Online Maximum $k$-Interval Coverage Problem

TL;DR

This paper investigates the online maximum coverage problem on a line, proposing algorithms with near-optimal competitive ratios and analyzing their performance bounds in various settings.

Contribution

It introduces a dynamic programming approach for the offline problem and develops single- and double-threshold algorithms for the online problem, improving worst-case performance.

Findings

The double-threshold algorithm DOA outperforms the single-threshold SOA.

Lower bounds on competitive ratios are established for different problem settings.

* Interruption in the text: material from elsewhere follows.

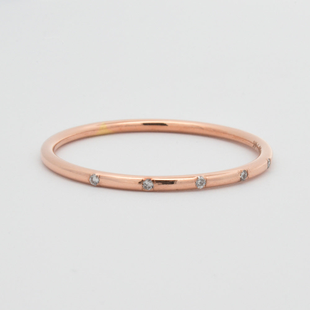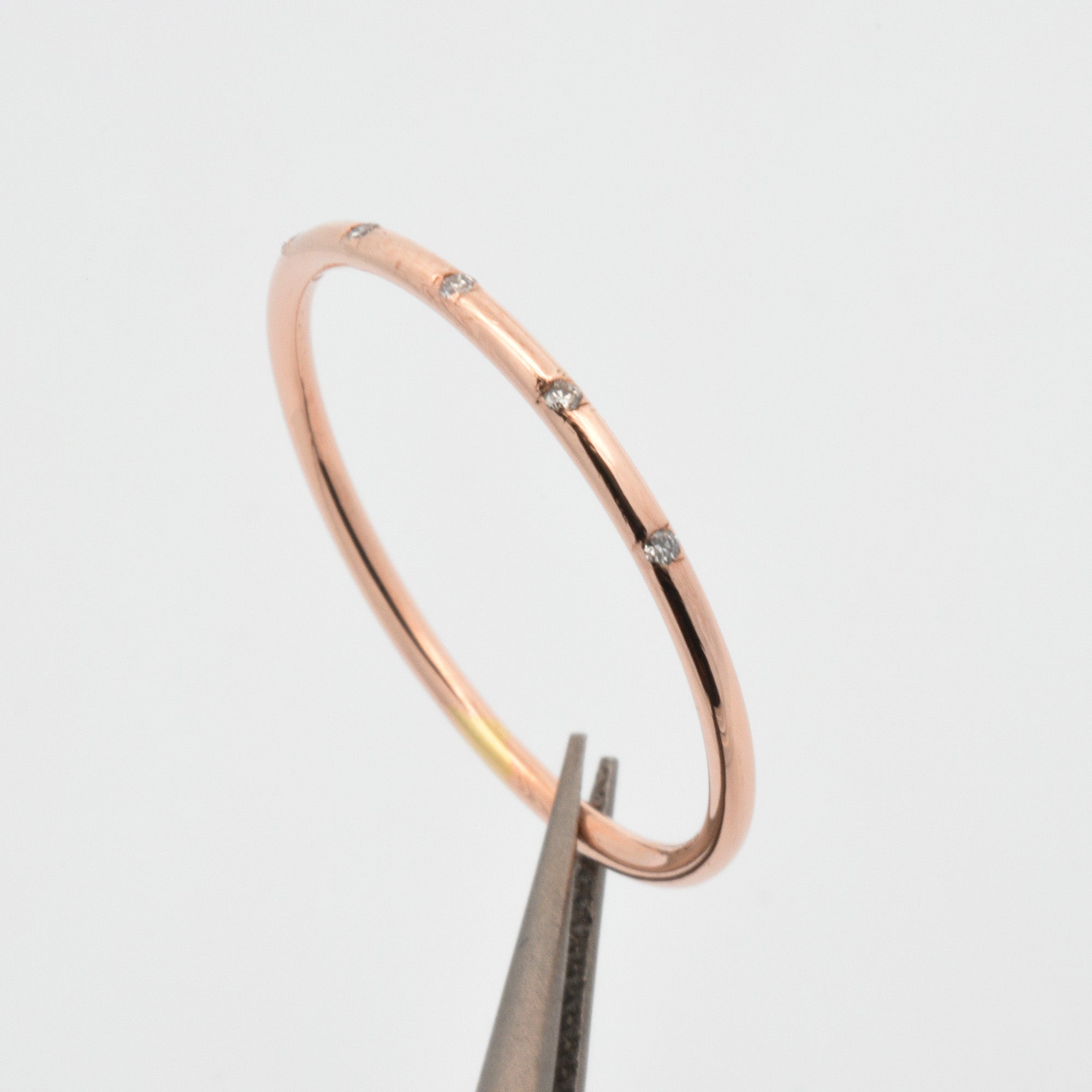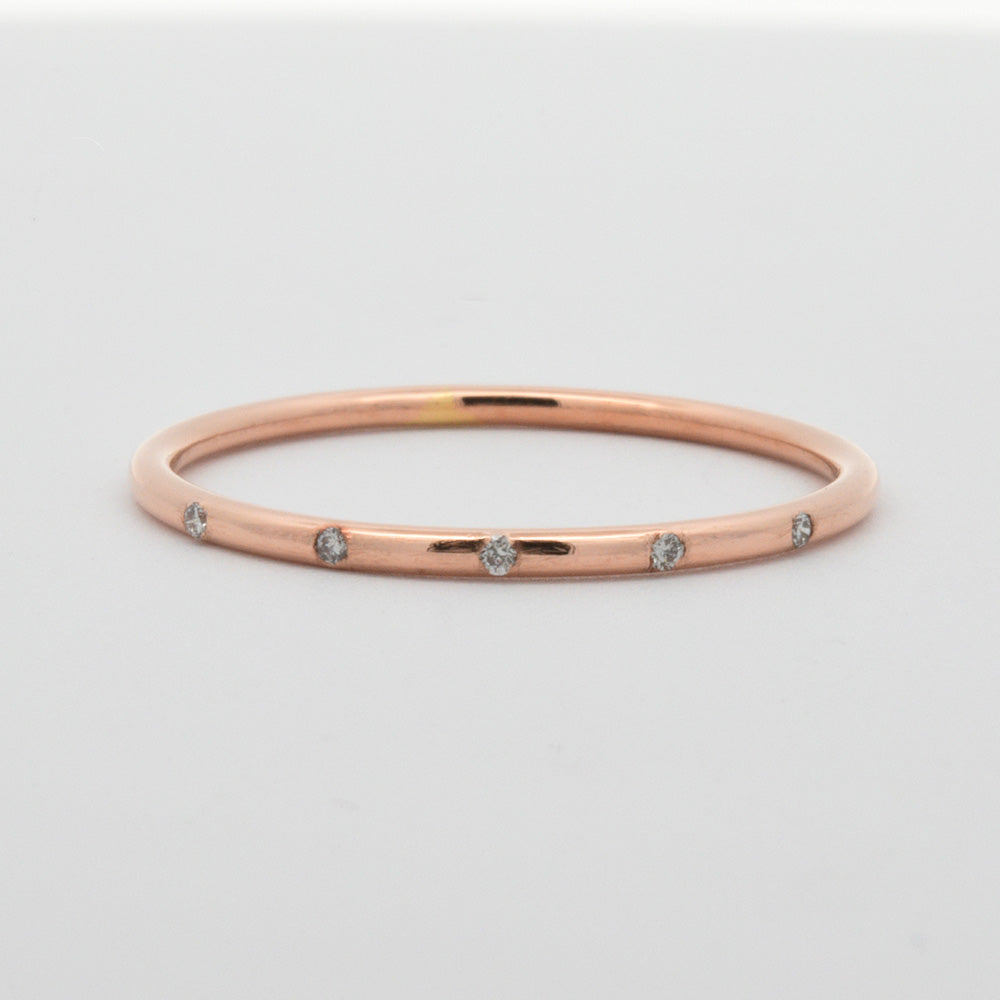US 7.5 14k Rose Gold 1mm Flush Set 5 Diamond Band

Deterministic multi-threshold algorithms cannot surpass SOA's performance.

Abstract

We study the online maximum coverage problem on a line, in which, given an online sequence of sub-intervals (which may intersect among each other) of a target large interval and an integer $k$, we aim to select at most $k$ of the sub-intervals such that the total covered length of the target interval is maximized. The decision to accept or reject each sub-interval is made immediately and irrevocably (no preemption) right at the release timestamp of the sub-interval. We comprehensively study different settings of this problem regarding both the length of a released sub-interval and the total number of released sub-intervals. We first present lower bounds on the competitive ratio for the settings concerned in this paper, respectively. For the offline problem where the sequence of all the released sub-intervals is known in advance to the decision-maker, we propose a dynamic-programming-based optimal approach as the benchmark. For the online problem, we first propose a single-threshold-based deterministic algorithm SOA by adding a sub-interval if the added length exceeds a certain threshold, achieving competitive ratios close to the lower bounds, respectively. Then, we extend to a double-thresholds-based algorithm DOA, by using the first threshold for exploration and the second threshold (larger than the first one) for exploitation. With the two thresholds solved by our proposed program, we show that DOA improves SOA in the worst-case performance. Moreover, we prove that a deterministic algorithm that accepts sub-intervals by multi non-increasing thresholds cannot outperform even SOA.